On 25 July 2012 23:41, Deryck Chan deryckchan@gmail.com wrote:
It is in the spirit of the Wikimedia movement that different projects and communities within the movement make decisions independently, and decisions on one project need not affect another. Therefore, I'm with David and many others in the opinion that the en.wp arbcom ban need not imply that Fæ must step down as WMUK chair.
Trying to narrow it down to arbcom is a mistake. The reality is that for any particular arbcom decision to sit they need to maintain the active support of most of the highly active admins and the passive support of a decent majority of the admin/editor community. At the present time they do.
However, if Fæ does remain as WMUK chair, we will inevitably be making a stance of antagonism towards en.wp.
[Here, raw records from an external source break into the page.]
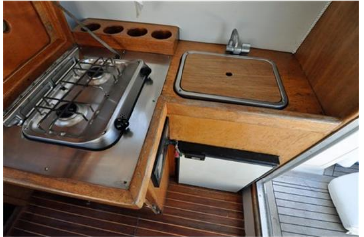
Sciallino 25 (10)
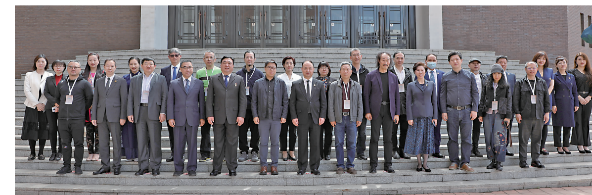
5月16日,2021吉林动画学院动画教育发展论坛隆重举行,校领导与专家合影。
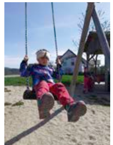
Die faszinierende Welt der Erde: Eine Reise zum Verständnis und Genuss der Natur
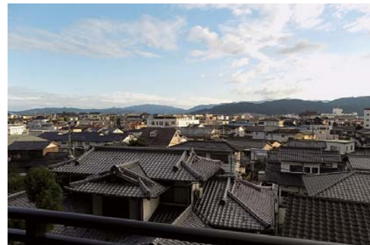
眺望良好のバルコニーは南向き
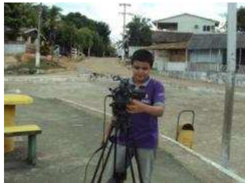
Fotos 139 e 140 - Visita domiciliar em Fortaleza do Abunã
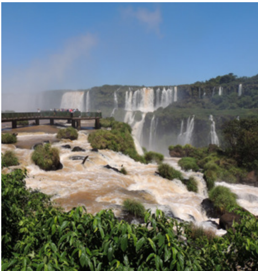
Cataratas Foz do Iguazu

La celebración de la feria en Brasil servirá también para reforzar la presencia de Brasil en Termatalia y para promocionar a través de ella a Ourense y Galicia como destinos termales. España es el cuarto mercado receptor de turistas de este país que supera los 200 millones de habitantes. Según datos de Canadian Travel & Tourism, se estima que en 2018 la cifra de brasileños que realicen viajes al exterior llegue a los 11,3 millones. Por otro lado, España es el noveno país emisor de turistas a Brasil.
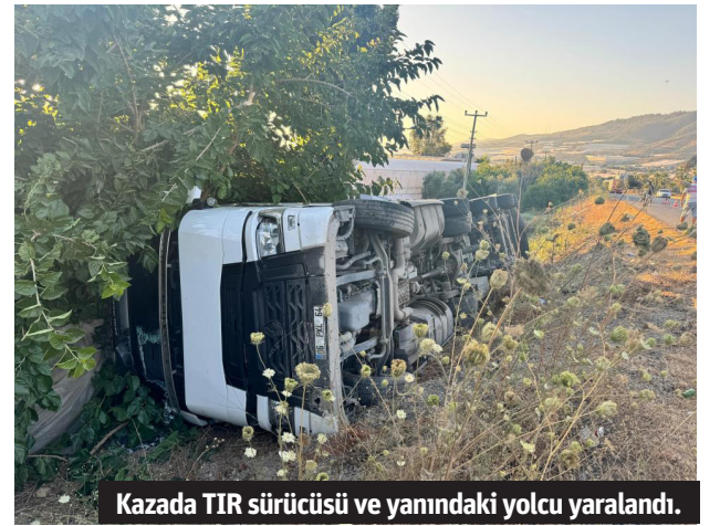
Kazada TIR sürücüsü ve yanındaki yolcu yaralandı.
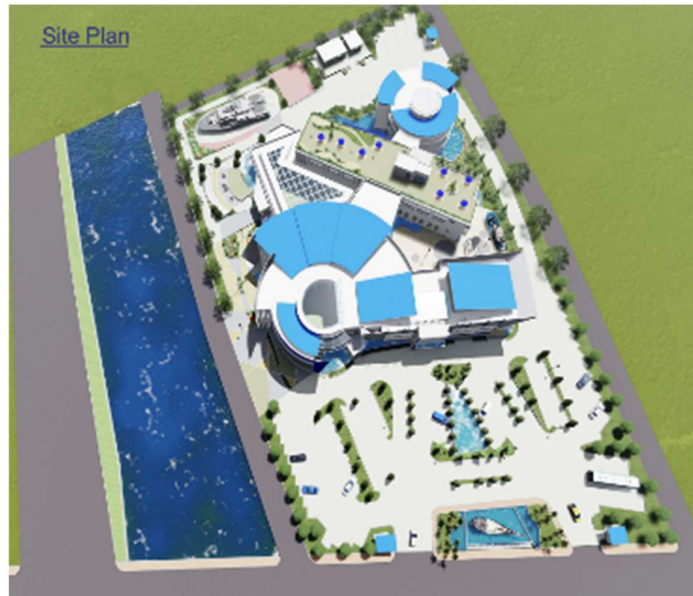
Gambar 4. Siteplan

lainnya. Jika dilihat dari atas bentuk massa bangunan menyerupai bentuk jangkar pada kapal, dengan ini siteplan menggunakan konsep metafora.
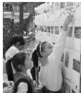
学生将贴纸贴在喜欢的作品上

学生根据活动主题,利用课后时间,走进生活,拍下自然界的微笑。他们的作品包括水、空气、山脉、河流、植物、动物等,有龇牙大笑的小猪、有美味可口的石榴、有突兀峥嵘的石林……各班共推荐了83幅作品,10月15日,集体晨会时间,学校号召全校同学做小小评委,每人有5票,投给自己欣赏的作品;方式是将作为“选票”的梅花贴纸贴在喜欢的作品上。10月18日,学校根据摄影作品的特点以及同学们的选票,最终评出最幽默奖、最囧表情奖、最创意奖、最幸运奖及最
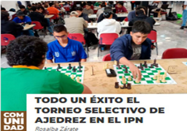
Torneo Selectivo de Ajedrez 2024.

El evento contó con la participación de diferentes escuelas y unidades del IPN, en la que asistieron 35 alumnos de 10 escuelas de nivel medio superior y 87 alumnos de nivel superior de las ramas femenil y varonil.
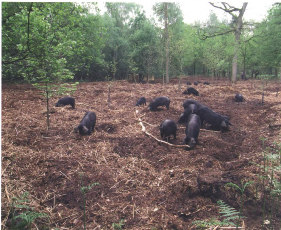
In het Altena's bos lopen 17 varkens.

Rustig wandelend loop ik over het Altenavoetpad het Altena's bos in. Ik luister goed of ik ze misschien hoor. Het blijft rustig. Ze zijn er toch wel? Ik loop wat verder en zie wel beweging, en inderdaad hoor ik wat zacht geknor.
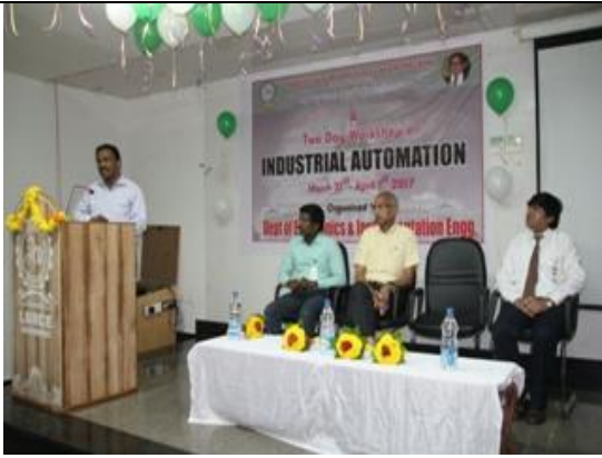
A view of the inaugural function
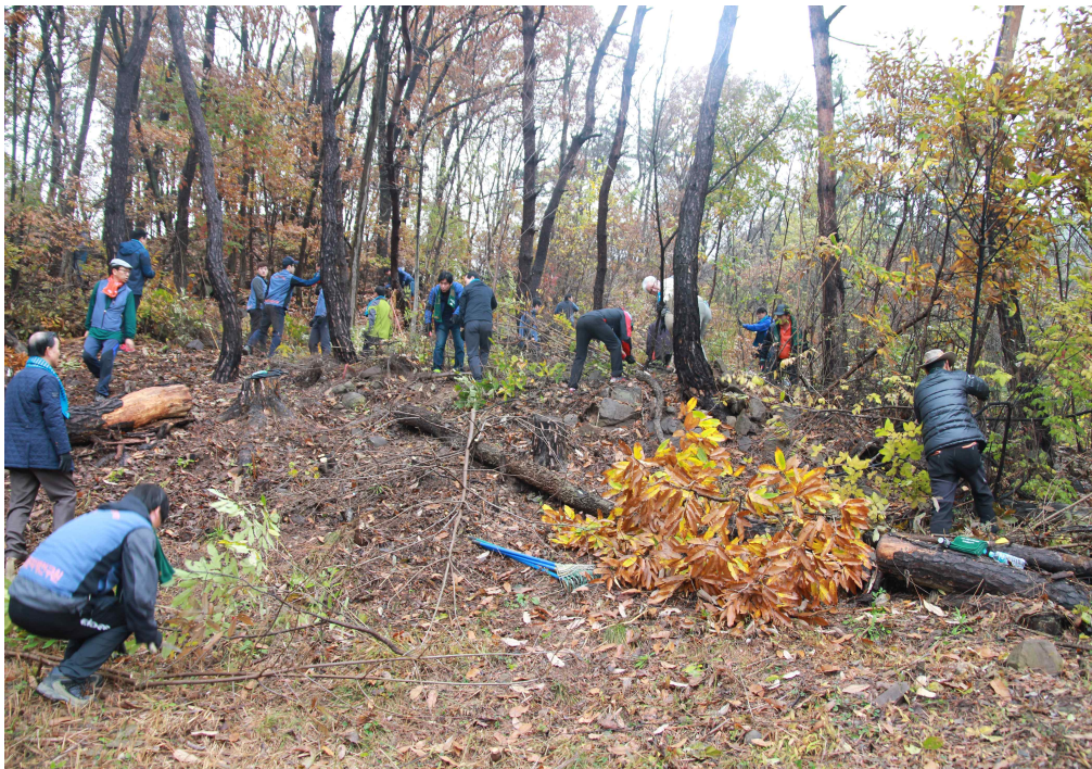
사진 7. 구암동고분군 유적보호활동
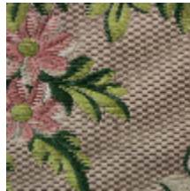
1638-04 LA FAVORITE - TAUPE *
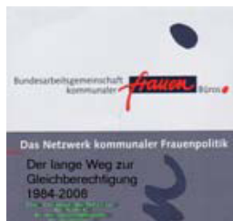
Der lange Weg zur Gleichberechtigung, 8,00 €

Bestellung über die Geschäftsstelle der BAG Erstellt für die Bundeskonferenz der BAG in Frankfurt am Main 2008
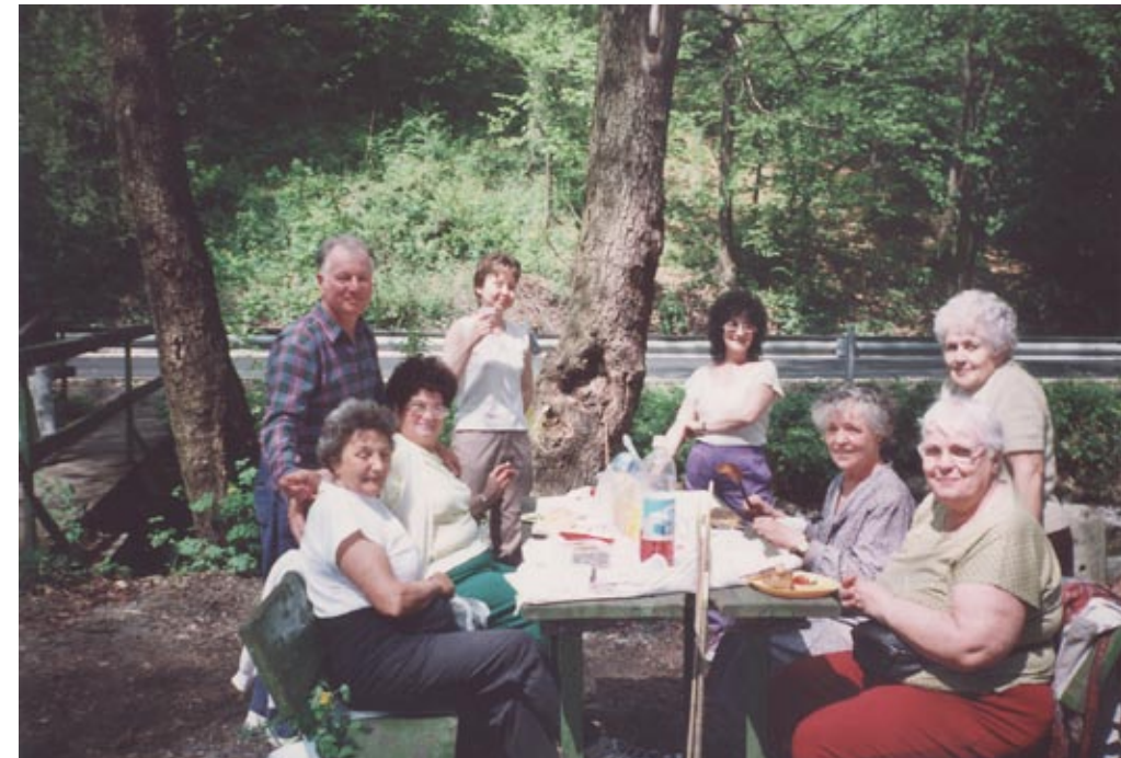
Kirándulás Garadnán, 2004. augusztus 19.

The Chapters Association can afford to take such a stance because it's a multicultural association and few in its active community are heavily involved with en.wp; but with en.wp being the single largest Wikimedia project WMUK members also participate in, we might want to rethink.
It would rather clash with the object " to promote and support the widest possible public access to, use of and contribution to Open Content of an encyclopaedic or educational nature or of similar utility to the general public, in particular the Open Content supported and provided by Wikimedia Foundation, Inc., based in San Francisco, California, USA."
A board resolution or an EGM reconfirmation vote will let us make ourselves clear as to whether we want to say "screw you en.wp arbcom, we love Fæ", or "we want to be nice, be risk-averse, and avoid a PR crisis". However, we as WMUK must make our position clear on this. Not taking a stance would be the worst PR disaster we can create for ourselves at this point.
Well that's something of a misstatement of my argument.